## [Records]
------------------------------------------------------------------------
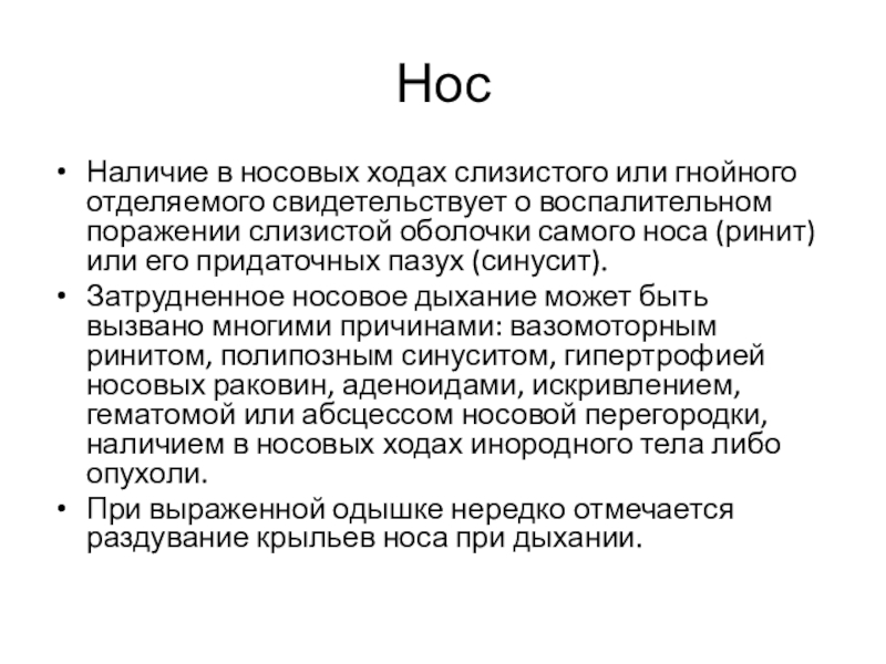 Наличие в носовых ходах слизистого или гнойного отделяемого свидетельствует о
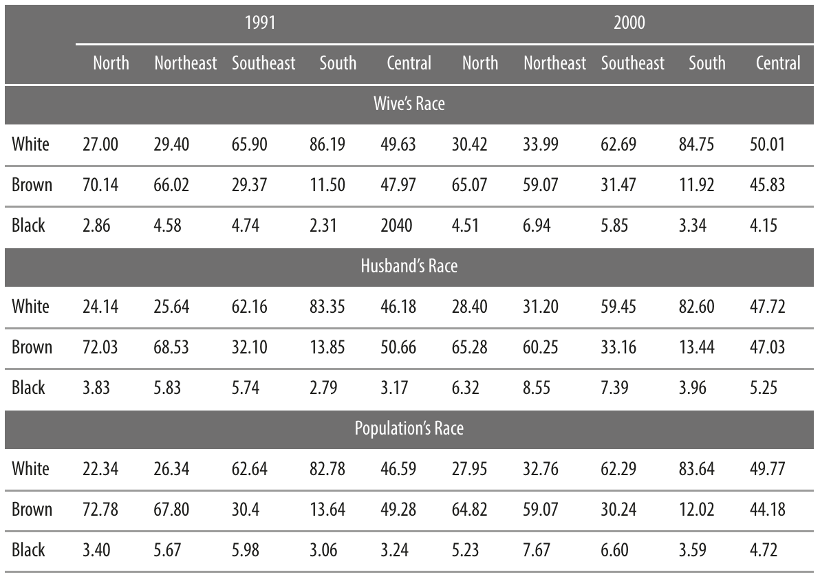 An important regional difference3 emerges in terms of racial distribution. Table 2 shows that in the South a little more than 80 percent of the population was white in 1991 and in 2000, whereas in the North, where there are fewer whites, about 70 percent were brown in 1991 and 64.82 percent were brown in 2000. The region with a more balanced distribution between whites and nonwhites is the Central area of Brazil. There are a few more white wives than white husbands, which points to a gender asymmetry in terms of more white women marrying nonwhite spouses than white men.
------------------------------------------------------------------------
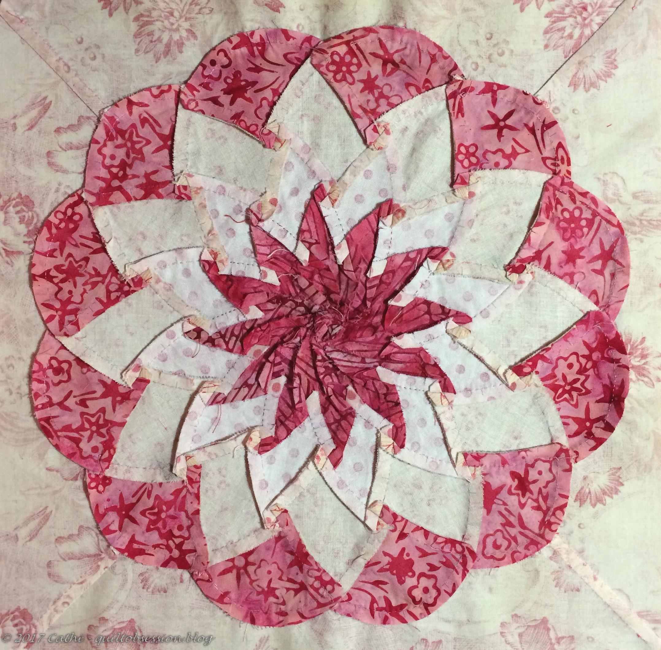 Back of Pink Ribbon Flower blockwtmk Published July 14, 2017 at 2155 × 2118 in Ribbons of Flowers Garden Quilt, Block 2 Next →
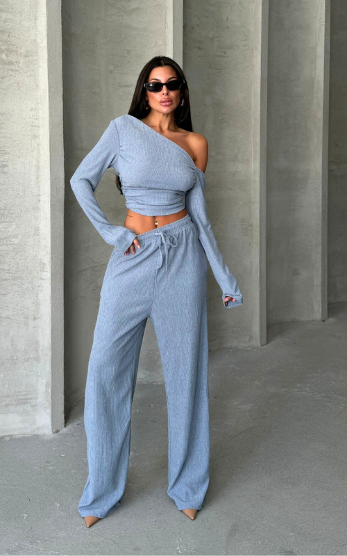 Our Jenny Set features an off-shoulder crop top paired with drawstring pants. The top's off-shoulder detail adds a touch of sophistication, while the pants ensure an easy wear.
------------------------------------------------------------------------
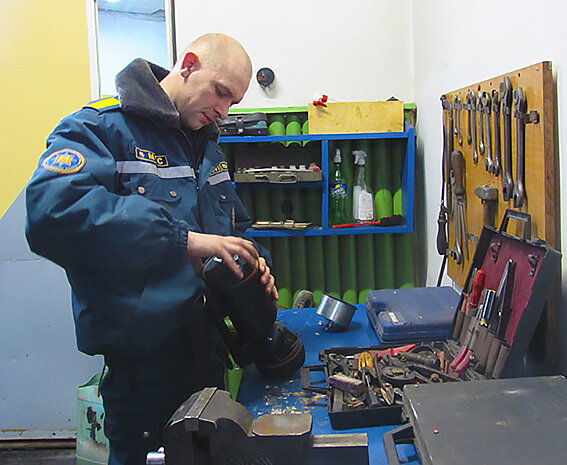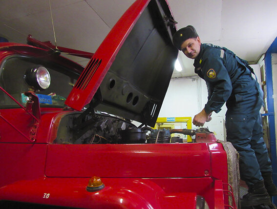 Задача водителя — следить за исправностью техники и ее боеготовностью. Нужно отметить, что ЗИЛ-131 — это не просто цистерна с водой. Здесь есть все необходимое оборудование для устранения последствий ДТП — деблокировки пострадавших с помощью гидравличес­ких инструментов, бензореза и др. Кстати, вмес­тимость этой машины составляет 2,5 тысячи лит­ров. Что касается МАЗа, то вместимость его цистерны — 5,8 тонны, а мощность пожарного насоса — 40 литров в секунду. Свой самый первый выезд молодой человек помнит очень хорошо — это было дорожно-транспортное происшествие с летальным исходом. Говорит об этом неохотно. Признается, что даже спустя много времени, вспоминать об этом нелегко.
------------------------------------------------------------------------
## [What the exercise asks]
An exact transcription is needed of the lines from the one with "Back of Pink" to the one with "Our Jenny Set" above, both ends included, with pictures left out.

## [Exercise answer]
 Back of Pink Ribbon Flower blockwtmk Published July 14, 2017 at 2155 × 2118 in Ribbons of Flowers Garden Quilt, Block 2 Next →
 Our Jenny Set features an off-shoulder crop top paired with drawstring pants. The top's off-shoulder detail adds a touch of sophistication, while the pants ensure an easy wear.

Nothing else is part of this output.